Apparently in response to a number of posts on The Rest of the Story which pointed out the inaccuracy of several secondhand smoke health claims made on the ClearWay Minnesota web site (post 1; post 2; post 3; post 4), the organization has removed the contentious claims from the site. The inaccurate claims appeared in a manual for local advocates working on clean indoor air ordinances.
The two claims in question, along with the reasons why I questioned their accuracy, are as follows:
Claim #1: "Blood flow in the coronary arteries is decreased in healthy young adults exposed to secondhand smoke."
Why It is Misleading: In fact, the study that is being used as the basis for this claim revealed that coronary blood flow in healthy young adults exposed to secondhand smoke was not decreased. What was decreased was the coronary flow velocity reserve, which has no clinical meaning for these young adults in the absence of sustained or repeated exposure. The clear impression of the statement is that a healthy young person exposed to secondhand smoke for 30 minutes will suffer a reduction in coronary artery blood flow. This is untrue.

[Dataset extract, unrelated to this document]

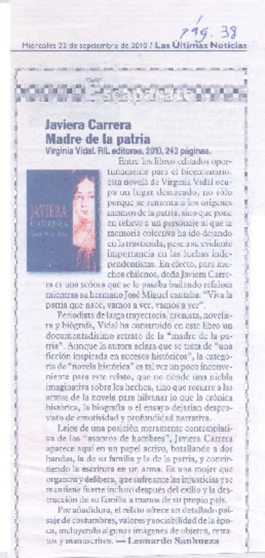 Javiera Carrera - Vidal, Virginia - Autoras chilenas

I think that a normal person reading the claim would have gotten the impression that any exposure to secondhand smoke, even brief exposure, leads to a reduction in coronary blood flow in a healthy young person, such that the individual could be at risk of a heart attack (since most people correctly identify reduced coronary blood flow with heart attacks).
I had expressed the opinion that is it not appropriate to scare healthy young people into thinking that they may suffer a heart attack due to a short-term secondhand smoke exposure.
Claim #2: "Current scientific data suggest that eating in a smoky restaurant can precipitate myocardial infarctions in nonsmokers and increase the risk of fatal and non-fatal cardiac events in nonsmokers by about 30 percent."
Why It is Misleading: There are no scientific data which show that eating in a smoky restaurant can cause a heart attack. But more importantly, it is impossible that eating in a smoky restaurant could increase the risk of cardiac events by 30%, since being exposed to secondhand smoke for a lifetime only increases the risk of cardiac events by about 30%.
These two inaccurate claims appeared in a toolkit that is designed to be used by many local anti-smoking groups to promote smoking bans. Failure to correct these "facts" would have resulted in the widespread dissemination of false health claims by anti-smoking groups.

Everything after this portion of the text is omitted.